• DATA
⟨

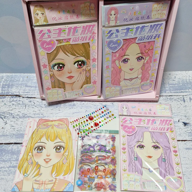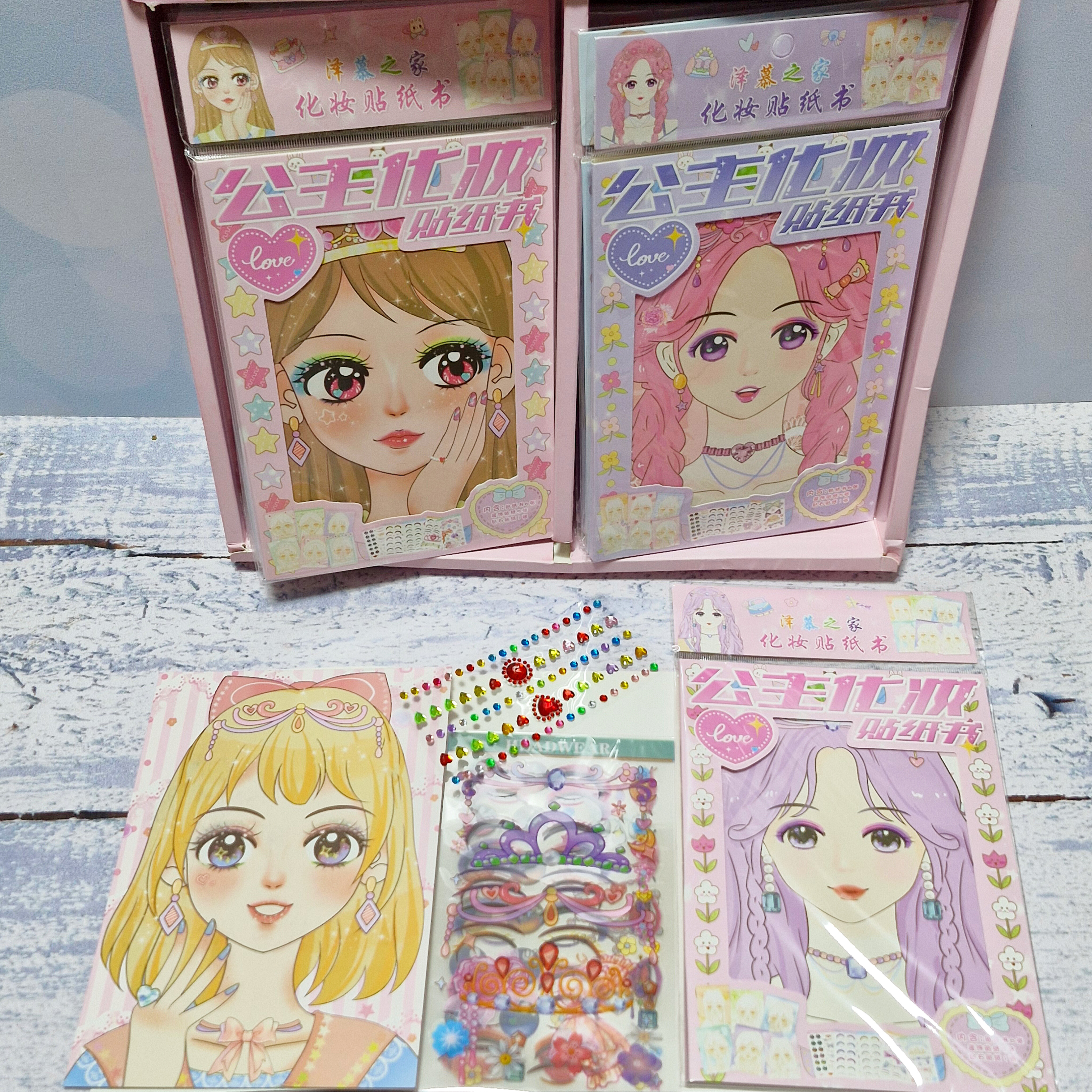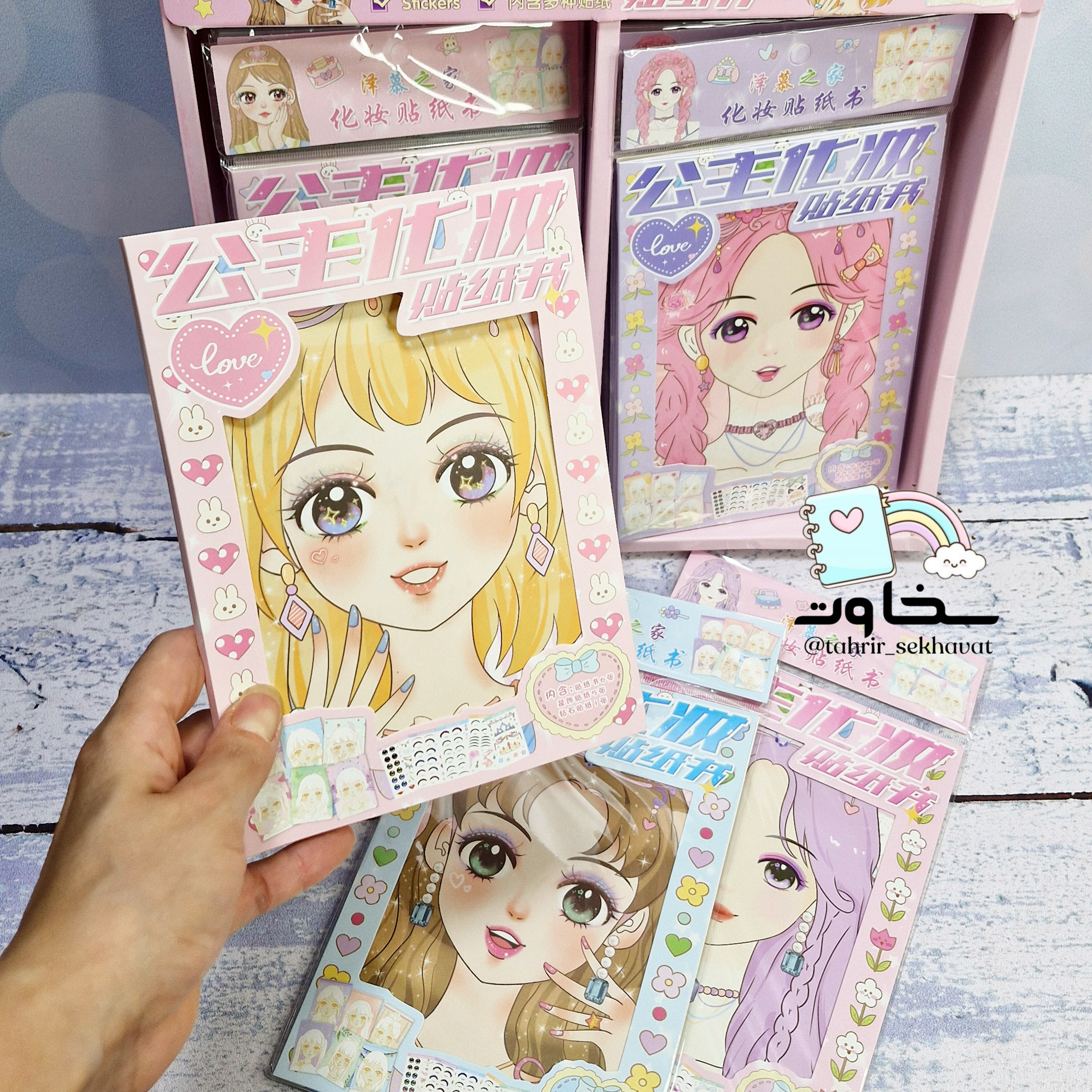 یه سرگرمی عالی برای اوغات فراغت هر پک شامل یه دفترچه هست که ۶تا دختر داره و ۶ورق استیکر آرایشی شامل مژه ،سایه چشم،لنز،رژ لب...که آرایشش میکنن.
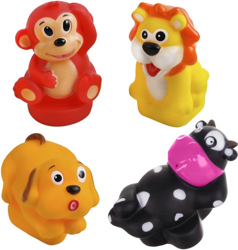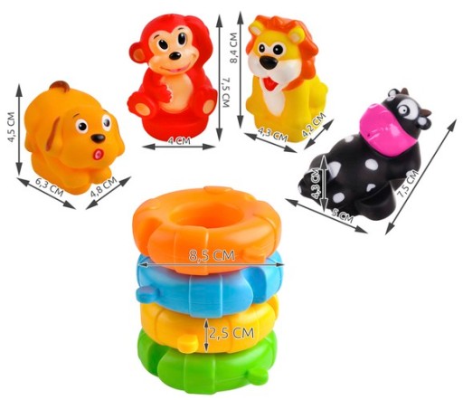 - РІЗНОМАНІТНІСТЬ ФОРМ, КОЛЬОРІВ ТА МАТЕРІАЛІВ - банний гарнітур складається з 8 елементів, які характеризуються різною формою, кольором і типом матеріалу; У набір входить 4 пластикових пазла і 4 м'яких гумових тварини у вигляді лева, мавпи, собаки і корови.
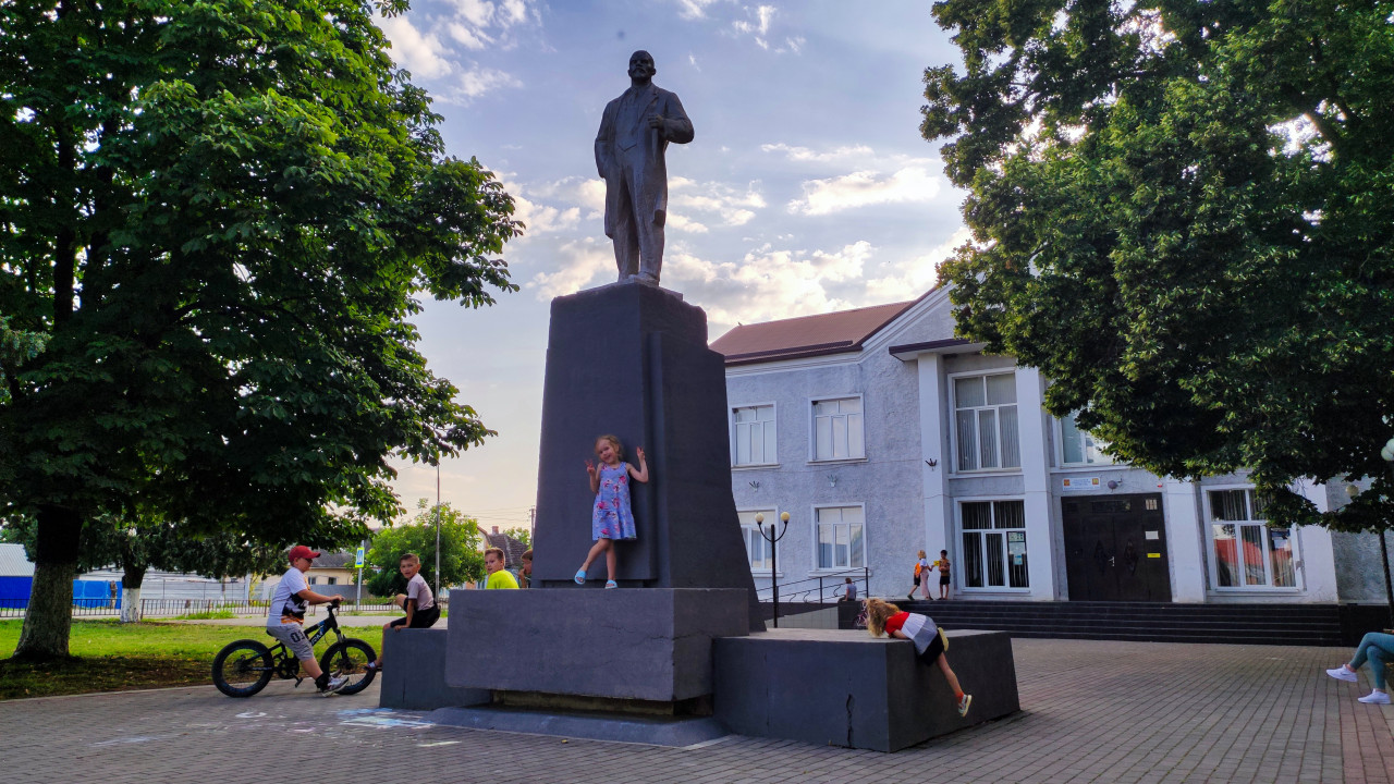 россия город городская среда общественное пространство площадь парк сквер памятник монумент историческое наследие советское наследие история память культура памяти достопримечательность городской пейзаж улица архитектура общественное здание фонари деревья зелень лето вечерний свет облачное небо скульптура постамент советская эпоха монументальная пропаганда Владимир Ленин историческая личность дети игра велосипеды прогулка малый город повседневная жизньПохожие фотографии

⟩

• PROBLEM DETAILS
Any images must be dropped; all other material is to be printed exactly.

• OUTPUT FOR THIS TASK
 یه سرگرمی عالی برای اوغات فراغت هر پک شامل یه دفترچه هست که ۶تا دختر داره و ۶ورق استیکر آرایشی شامل مژه ،سایه چشم،لنز،رژ لب...که آرایشش میکنن.
 - РІЗНОМАНІТНІСТЬ ФОРМ, КОЛЬОРІВ ТА МАТЕРІАЛІВ - банний гарнітур складається з 8 елементів, які характеризуються різною формою, кольором і типом матеріалу; У набір входить 4 пластикових пазла і 4 м'яких гумових тварини у вигляді лева, мавпи, собаки і корови.
 россия город городская среда общественное пространство площадь парк сквер памятник монумент историческое наследие советское наследие история память культура памяти достопримечательность городской пейзаж улица архитектура общественное здание фонари деревья зелень лето вечерний свет облачное небо скульптура постамент советская эпоха монументальная пропаганда Владимир Ленин историческая личность дети игра велосипеды прогулка малый город повседневная жизньПохожие фотографии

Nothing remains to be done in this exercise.